Which I did not mind because he looked new to the place, acted like he was finding its pulse yet seemed friendly. It was a little after 2 in the afternoon. Siesta time for the drivers whose predilection after a meal is to take a nap. It felt like we were in for a long wait. I was only going to my barber so did not mind if waiting took forever and he was there to wait with me besides. Then he started to fret and told me he was also hoping to catch a cab but since he recently got here from the States and was briefly staying with a relative on Pelayo Street, he didn’t really know how to go around it. He was starting to get frantic because he was going to the LTO to have his recently-expired driver’s license renewed, at least before he goes back to America. He did not want to be late for an appointment he wasn’t certain about. I appreciated his candor and sincerely gave him an ear, nodding every now and then to indicate I was listening. He paused at certain intervals to let me put in my share of what has shifted to a conversation. Then a roving, bicycling security guard passed by. I asked the guard if he could kindly radio the gate to get my companion a cab. He smiled agreeably and started to work his radio when along came a tricycle. We both thanked the guard for being nice and trying to help and got in the trike whose driver suggested that it would be easier to get a taxi at the BPI area; I agreed and said to the driver to take him there first for I wasn’t in a hurry anyway. The man was so thankful he paid for his fare and mine. He was too quick at it all I could manage to do was say thanks. We parted without knowing each other’s names, not that it mattered. The driver exclaimed, “Ang bait niya!” “For a total stranger,” I told him, “Yes!”
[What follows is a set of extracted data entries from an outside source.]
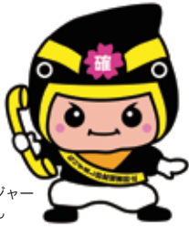
カクニンジャー 福くん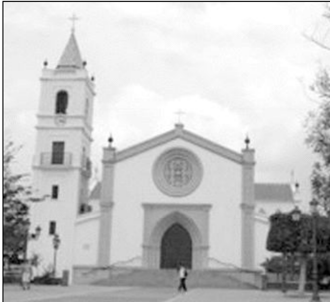
Nuestra Señora del Rosario, en La Cala del Moral

Es, sin duda, una parroquia muy viva en la que todos tienen cabida, sea cual sea su carisma. Entre los diferentes grupos, Cáritas juega un papel muy importante en la comunidad, encargándose de crear conciencia de la necesidad de aportar ayuda a los más desfavorecidos.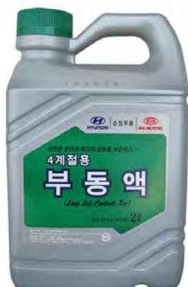
2 л - 07100-00200

Эффективная защита от кавитации и коррозии алюминиевых радиаторов.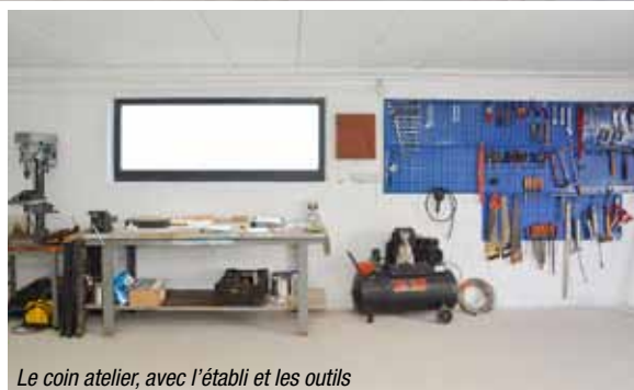
Le coin atelier, avec l'établi et les outils

Les agents des services techniques ne sont pas oubliés : des douches, vestiaires, sanitaires et coin repas sont également prévus.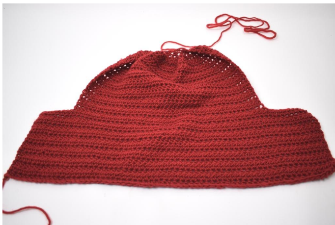
1. De slof ziet er nu zo uit.

NB Vilten kan variëren van machine tot machine. Was nog een keer op 40 grader, als de slof niet genoeg gevilt is. Deze is 2 x op 40 graden in de wasmachine geweest en daarna nat gevormd / uitgerekt aan de voet of op papier gelegd, zodat hij in de juiste vorm droogt.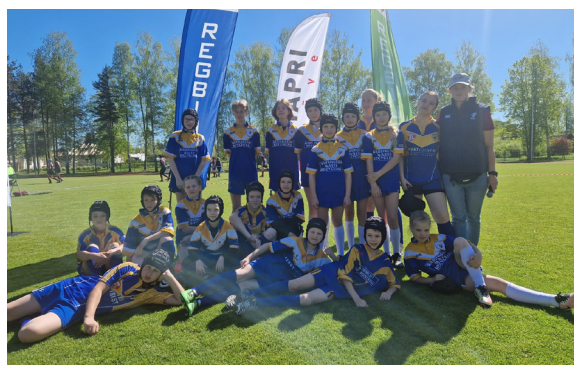
RK Ļaudona 12. maijā Baldones stadionā.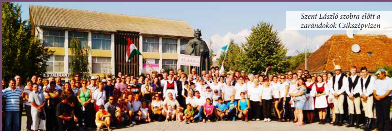
Szent László szobra előtt a zarándokok Csíkszépvízen

kiadvány egy példányát. Visszafelé indulva a hosszú szekéssorról, hol itt, hol ott harsant föl egy-egy nótá hangja. A falvak lakossága többségében kint állt a kapuban, akiknek sűrűn kiáltották oda a szekeresek: „Áztán holnap el ne felejtsek eljönni a madéfalvi Hagymafesztiválra”. Estére érkezünk haza Madéfalvára, éppen egyidőben a hazahajtott tehéncsordával.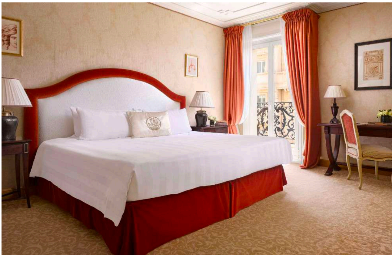
Hôtel Metropole Monte-Carloのスーパーリアルーム

6:00 p.m.-7:00 p.m. Hôtel Metropole Monte-Carloのロビー・バーでウェルカムドリンクを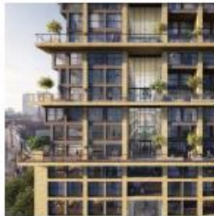
Architectuur: balkons dienen onderdeel te zijn van het totale gevelontwerp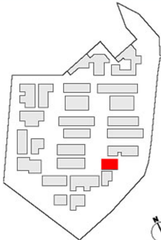
Repérage niveau 1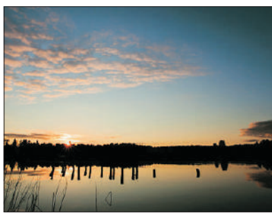
「歐洲最乾淨的湖泊之一」 瓦爾代湖

觀看擠羊奶，照顧馬匹，在雞窩撿雞蛋，爬保佑活到100歲的99級臺階的鐘樓，了解當地民族風俗、建築風格及民族著裝。由當地農場裏種植的蔬菜制作而成的俄式午餐，了解自制伏特加過程，搭火堆，和廚娘一起制作俄羅斯魚湯，戶外傳統遊戲和民俗表演。

The next day, as was my wont, I was in the parish office riding on its wifi when a man entered and asked how to offer a novena Mass for their dead. Ate Ime accommodated him and, as is customary for the staff’s gracious client-handling, engaged him in small talk. The man, visibly encouraged, responded eagerly to her. There was an exchange of how Catholics respect the dead through various rituals and traditions. The man bluntly said he is not like those traditional Catholics who are rigid in observing ritual, especially, but less benevolent when it came down to basics like, and his voice assumed an edge, his Mom. Neither Ate Ime nor I dared ask why. There was no need. For immediately following what he said, he rambled, ranted and raged about her and his four siblings. About real estate, property, structural construction on borrowed land, conjugal inheritance, family factions and every which topic confined to domestic squabbling. He confessed he was also living with a relative, whom he chose to stay with rather than his Mom or any of his siblings, and is only visiting from the States. Inwardly, I thought it odd that I should be a shoulder again to another soul that is more laden than the first. For I had a gut feel that he was a geyser spoiling to gush at the slightest nudge. Like we perceived his agitation, Ate Ime and I were silent. We knew what was coming up next.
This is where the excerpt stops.